∆ABC is reflected about the line y = -x to give ∆A'B'C' with vertices A'(-1, 1), B'(-2, -1), C(-1, 0). What are the vertices of ∆ABC? A(1, -1), B(-1, -2), C(0, -1)A(-1, 1), B(1, 2), C(0, 1) A(-1, -1), B(-2, -1), C(-1, 0) A(1, 1), B(2, -1), C(1, 0)A(1, 2), B(-1, 1), C(0, 1)

Hi there!
Reflections across the line y = -x always go by the rule (-y, -x).
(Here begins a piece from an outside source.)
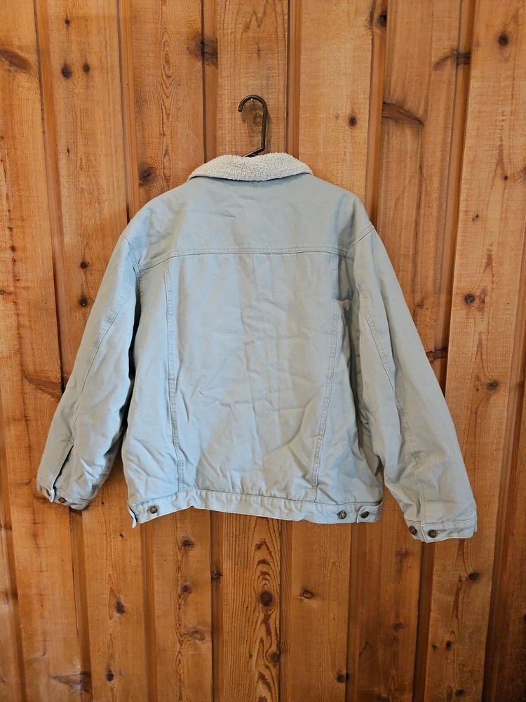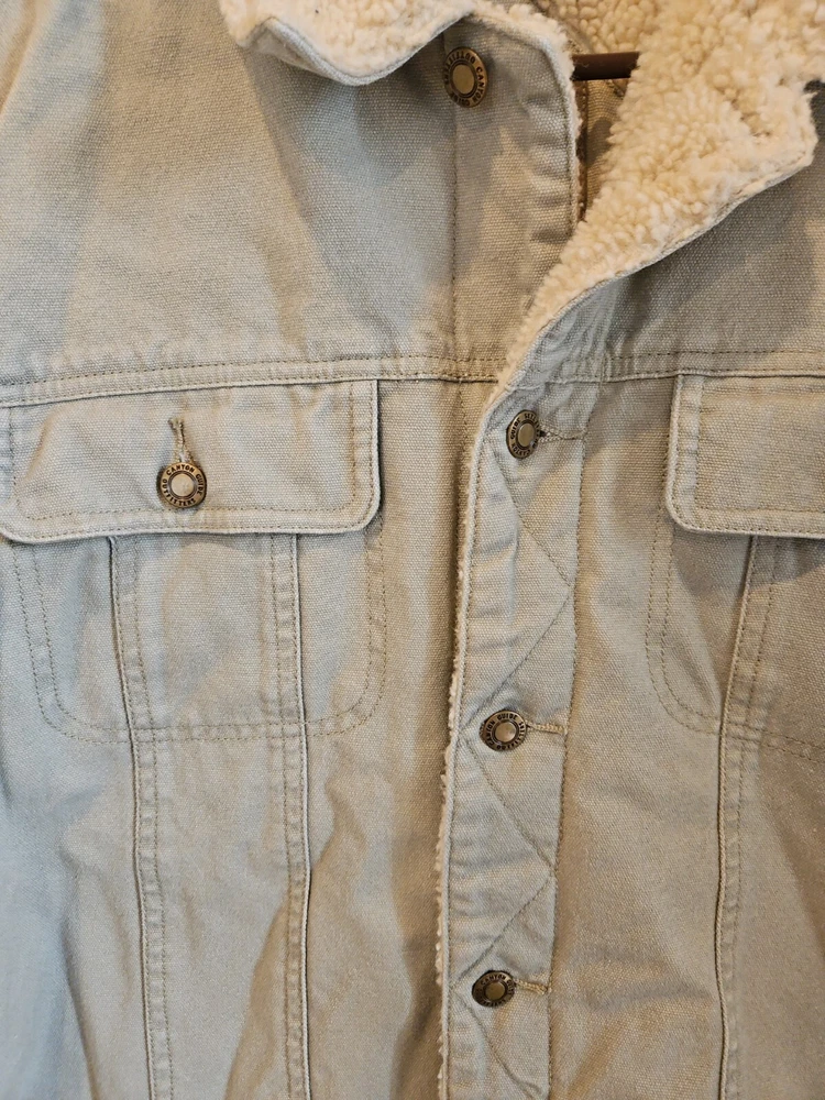 Canyon Guide Men's Sherpa Lined Canvas Trucker Jacket Button Up Size XL Tan Length: 27 in. Sleeve: 24 in. Clean/laundered to eBay standards.
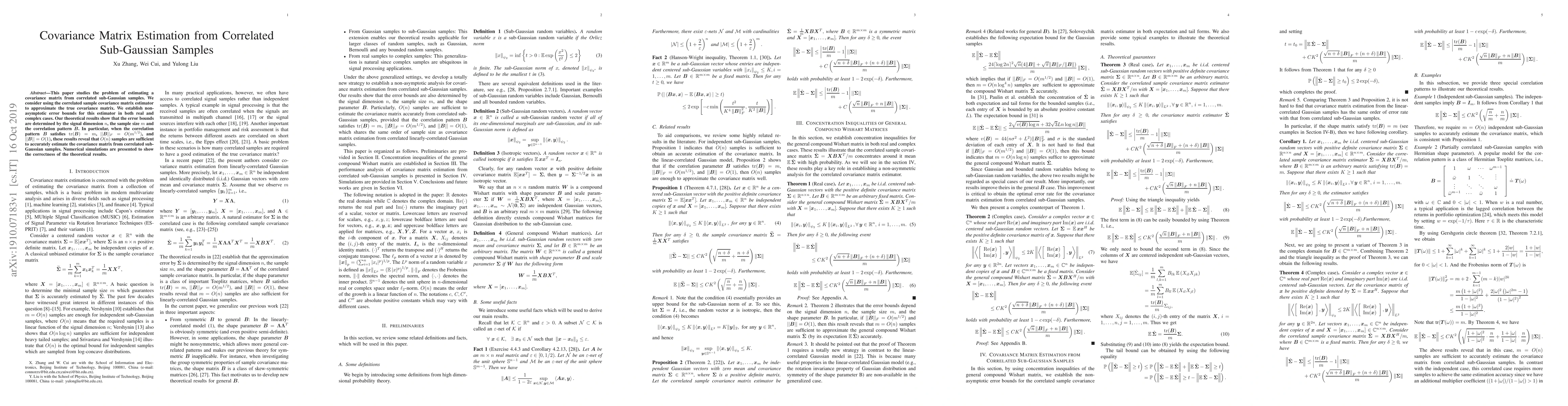 This paper investigates the estimation of a covariance matrix from correlated sub-Gaussian samples, establishing non-asymptotic error bounds for the correlated sample covariance matrix estimator. The theoretical results demonstrate that $O(n)$ samples are sufficient for accurate estimation when the correlation pattern satisfies specific conditions.

We can use this rule to get our answer here. We are given the aftermath of the reflection coordinates, which are A'(-1, 1), B'(-2, -1), and C'(-1, 0). All we have to do now is switch up the coordinate values and multiply them by -1. Here is the work - 
A'(-1, 1) => (1, -1) => x -1 => A(-1, 1)
B'(-2, -1) => (-1, -2) => x -1 => B(1, 2)
C'(-1, 0) => (0, -1) => x -1 => C(0, 1)
Therefore, the coordinates of Triangle ABC are A(-1, 1); B(1, 2); C(0,1). Hope this helped and have a phenomenal day!